Before Brandon Ashley got hurt, when Arizona was still undefeated and the No. 1 team in the country, the Wildcats were not a deep team.
They played a seven-man rotation. Jordin Mayes saw some minutes here and there, but for the most part, it was the starters, Gabe York and Rondae Hollis-Jefferson that played for the Wildcats.
Without Ashley, that hasn’t changed much. Mayes took two DNP-CDs and has played seven minutes in the last four games. He played two minutes in Arizona’s double-overtime loss to Arizona State. Matt Korchek, Arizona’s emergency big man, has played just seven minutes since Ashley went out. Elliot Pitts has seen the biggest boost in playing time since the injury, playing 26 minutes in wins over the Oregon schools, but he played just five minutes in the Arizona State loss.

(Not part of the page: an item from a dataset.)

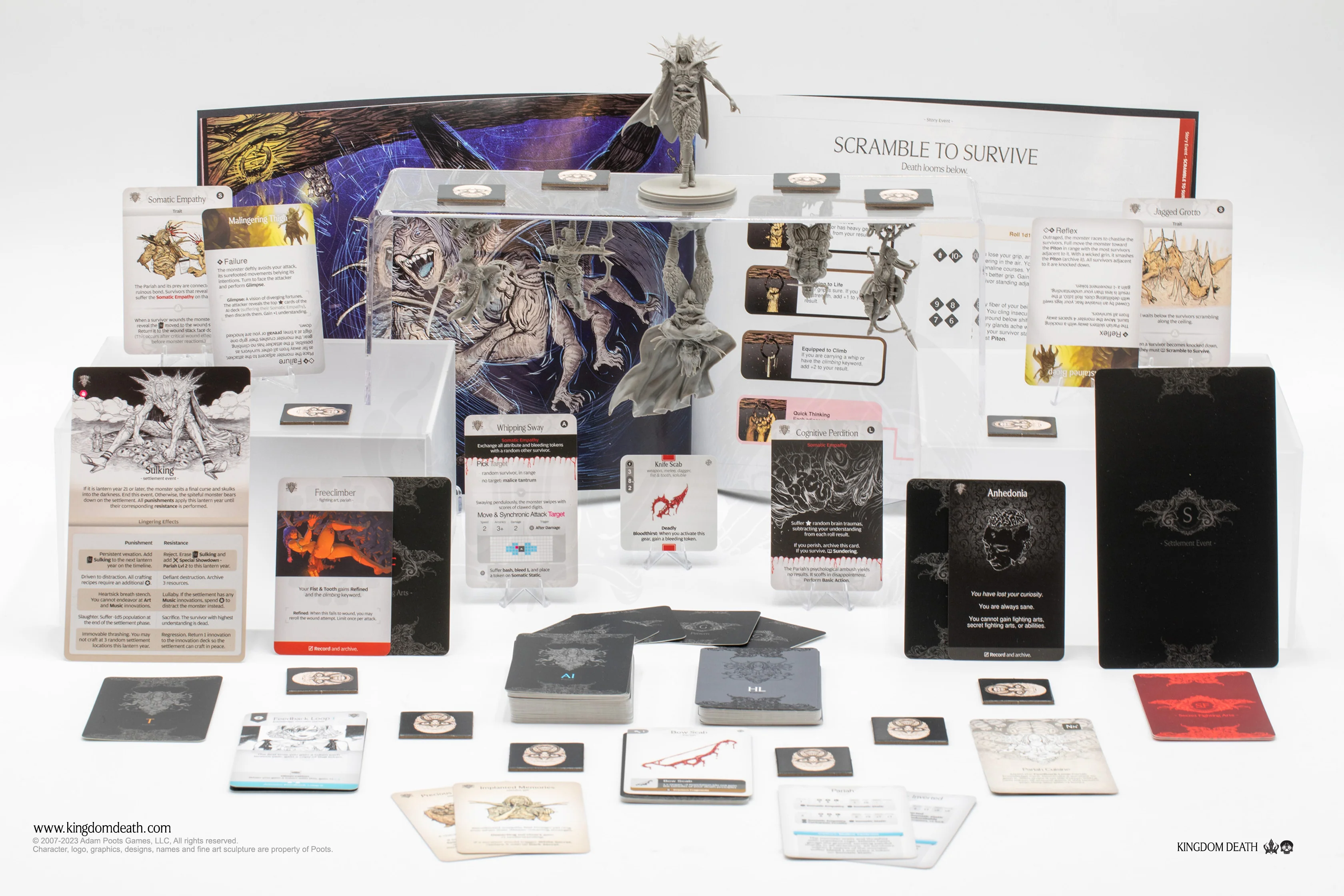 Adversaries and Allies Bundle is brimming with brand new content to energize your Kingdom Death: Monster campaigns. Two nemesis monster expansions and four wanderer expansions.
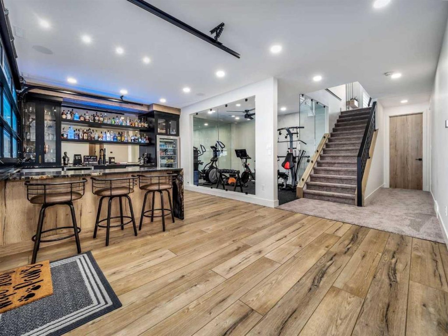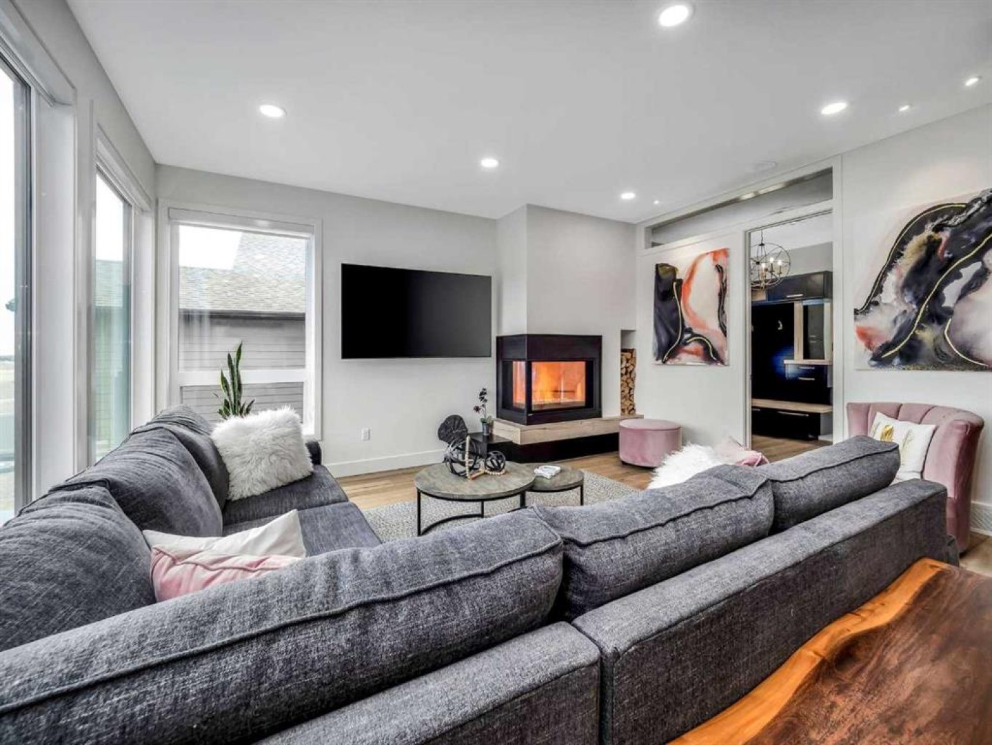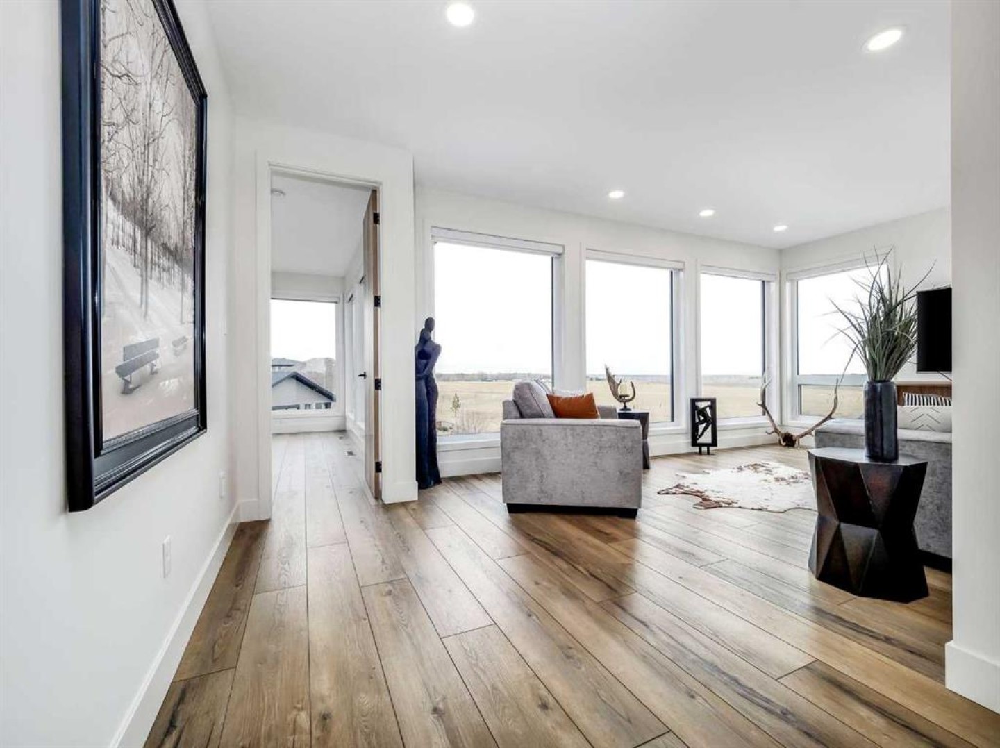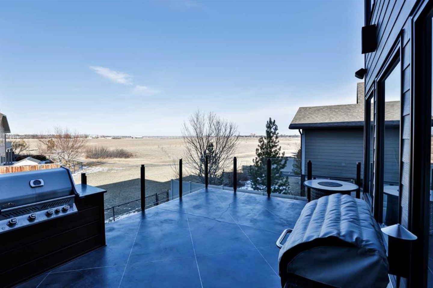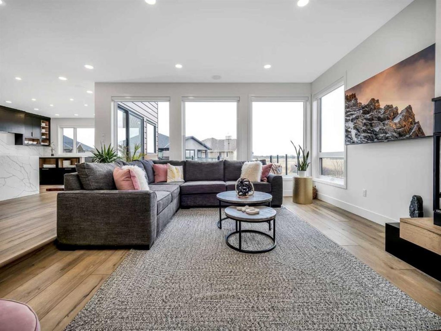 A rare opportunity to own the builder’s personal residence in one of Lethbridge’s most prestigious locations—Stonecrest Point, perched on the coulee’s edge in Riverstone. Every detail has been meticulously designed, resulting in nearly 5,000 sq. ft. of fully developed luxury with breathtaking coulee views, striking curb appeal, and extensive upgrades throughout. Inside, soaring 21’ ceilings, a dramatic floating solid-oak staircase with curved architectural detailing, and black powder-coated railings create a stunning first impression. Nine-foot ceilings span all three levels, complemented by 9” luxury vinyl plank flooring. The sunken living room features a beautiful two-sided gas fireplace with decorative hearth. The chef’s kitchen offers double islands, ceiling-height custom cabinetry, extensive drawer storage, appliance garage, integrated recycling, spice racks, and a large walk-in pantry. Premium Wolf and Sub-Zero appliances include a 48” gas cooktop with griddle, custom hood fan, double wall ovens, drawer microwave, and a side-by-side Sub-Zero fridge/freezer with water and ice. Two dishwashers on the main floor (plus a third in the basement bar), garburator, and thoughtful storage complete the space. An 8’ sliding glass door opens to a 14’ x 18’ concrete deck with frameless glass railing and built-in Napoleon BBQ, offering unobstructed coulee views. The main-floor office features 10’6” ceilings, built-in desks, ceiling beam detailing, and walk-in storage closet. A spacious mudroom provides custom built-ins, bench seating, shelving, and additional storage. The oversized heated garage includes a 27’ x 34’ main bay plus a workshop, epoxy floors, commercial overhead door, side-mount opener, hot and cold taps, floor drain, sink, and custom dog wash. The fully developed basement is an entertainer’s dream, showcasing a custom bar, ice maker, commercial bar fridge, and microwave. A commercial overhead pass-through door opens to an enclosed patio with electric screen, radiant heat, gas fire table, and Hot Springs hot tub for year-round enjoyment. This level also offers a bedroom with walk-in closet, a full bathroom with custom tile shower, a large living area, and a private glass-walled gym. Upstairs, a bonus room with floor-to-ceiling windows captures incredible coulee views. Bedrooms feature walk-in closets, blackout blinds, and built-in bed bases. Two bedrooms share a Jack and Jill bathroom with frameless glass shower. The primary retreat is exceptional, offering continued views and a spa-inspired ensuite with a massive custom tile shower with dual showerheads, makeup vanity, water closet, and a walk-through closet connecting to the laundry room. The laundry room includes pull-down drying racks, steam dryer, sink, and generous counter space. The exterior is equally impressive with composite siding, synthetic turf, drip irrigation, raised garden beds, stamped concrete driveway, and so much more. A statement home in an iconic location - luxury living without compromise.

All of Arizona’s starters played at least 45 minutes on Friday. That’s not sustainable, and on Monday, Sean Miller acknowledged that.
“I think early on in games throughout the first half, playing our bench is key,” Miller said at his weekly news conference, “because once you decide not to play it you have players playing not to make mistakes –`I don’t want to foul’ — so all of a sudden your effort level isn’t as high. Transition opportunities aren’t as plentiful and one reason is guys aren’t quite as fresh as they were.”
“So for us to win the most games this year I think our biggest upside lies in trusting Jordan Mayes, Elliott Pitts, Gabe York a little bit more, throwing Matt Korcheck in there and taking some minutes away from the players that are playing.”
Miller also noted that the issue isn’t simply the volume of minutes played, it’s the kind of minutes as well. Arizona doesn’t have much of an offense, so they’re playing grind-it-out games every night.
When every possession matters in a game as physical as Arizona likes to play, it can not only be physically draining, but mentally draining as well.